-- DATA FOR PROCESSING follows --

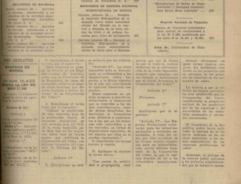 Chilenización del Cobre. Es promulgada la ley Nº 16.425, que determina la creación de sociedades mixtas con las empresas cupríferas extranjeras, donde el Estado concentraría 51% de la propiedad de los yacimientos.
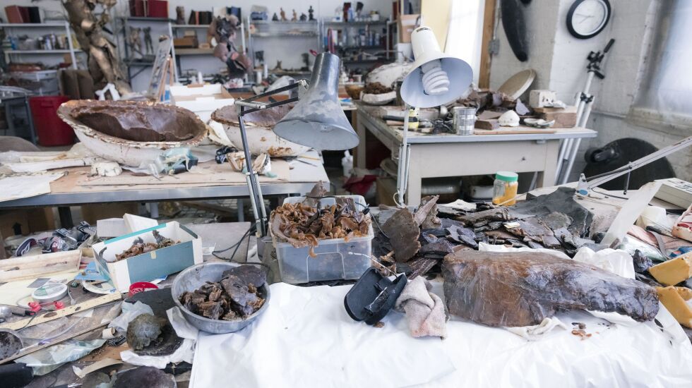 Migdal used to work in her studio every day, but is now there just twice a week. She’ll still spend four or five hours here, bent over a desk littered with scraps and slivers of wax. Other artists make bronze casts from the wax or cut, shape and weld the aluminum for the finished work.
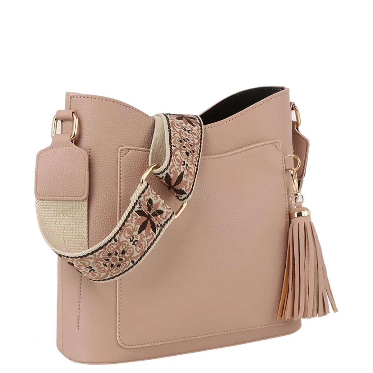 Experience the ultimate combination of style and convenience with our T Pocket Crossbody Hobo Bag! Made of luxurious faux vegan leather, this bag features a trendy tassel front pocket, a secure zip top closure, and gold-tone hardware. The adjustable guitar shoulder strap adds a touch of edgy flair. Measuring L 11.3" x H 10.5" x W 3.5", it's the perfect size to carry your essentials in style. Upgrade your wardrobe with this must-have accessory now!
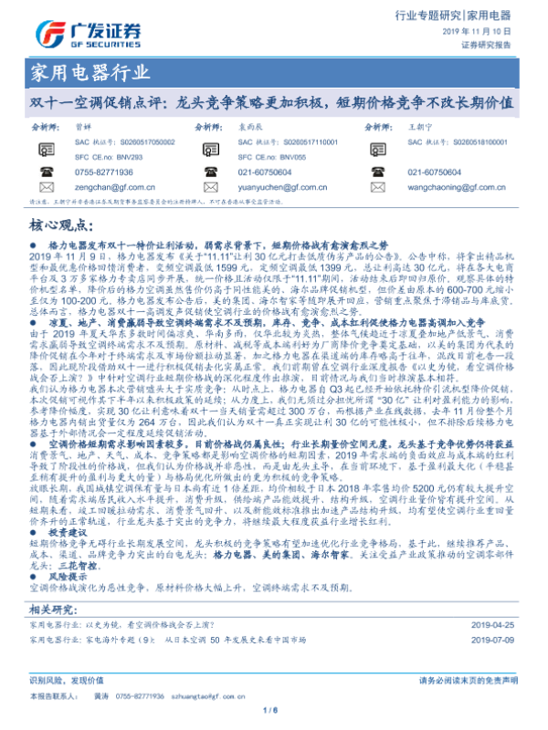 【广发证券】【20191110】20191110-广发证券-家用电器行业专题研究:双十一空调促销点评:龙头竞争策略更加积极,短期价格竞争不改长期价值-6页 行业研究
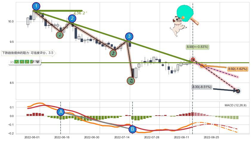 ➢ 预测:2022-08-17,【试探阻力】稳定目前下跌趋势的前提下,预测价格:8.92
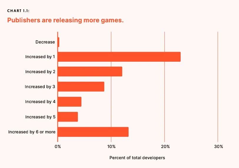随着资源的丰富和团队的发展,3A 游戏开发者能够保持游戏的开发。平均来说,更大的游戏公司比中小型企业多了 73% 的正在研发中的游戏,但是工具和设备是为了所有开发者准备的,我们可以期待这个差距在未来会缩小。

-- DATA FOR PROCESSING concluded --

§ EXERCISE AIM
Reproduce the listing exactly. Do not include its images.

§ REPLY TO THE EXERCISE
 Chilenización del Cobre. Es promulgada la ley Nº 16.425, que determina la creación de sociedades mixtas con las empresas cupríferas extranjeras, donde el Estado concentraría 51% de la propiedad de los yacimientos.
 Migdal used to work in her studio every day, but is now there just twice a week. She’ll still spend four or five hours here, bent over a desk littered with scraps and slivers of wax. Other artists make bronze casts from the wax or cut, shape and weld the aluminum for the finished work.
 Experience the ultimate combination of style and convenience with our T Pocket Crossbody Hobo Bag! Made of luxurious faux vegan leather, this bag features a trendy tassel front pocket, a secure zip top closure, and gold-tone hardware. The adjustable guitar shoulder strap adds a touch of edgy flair. Measuring L 11.3" x H 10.5" x W 3.5", it's the perfect size to carry your essentials in style. Upgrade your wardrobe with this must-have accessory now!
 【广发证券】【20191110】20191110-广发证券-家用电器行业专题研究:双十一空调促销点评:龙头竞争策略更加积极,短期价格竞争不改长期价值-6页 行业研究
 ➢ 预测:2022-08-17,【试探阻力】稳定目前下跌趋势的前提下,预测价格:8.92
随着资源的丰富和团队的发展,3A 游戏开发者能够保持游戏的开发。平均来说,更大的游戏公司比中小型企业多了 73% 的正在研发中的游戏,但是工具和设备是为了所有开发者准备的,我们可以期待这个差距在未来会缩小。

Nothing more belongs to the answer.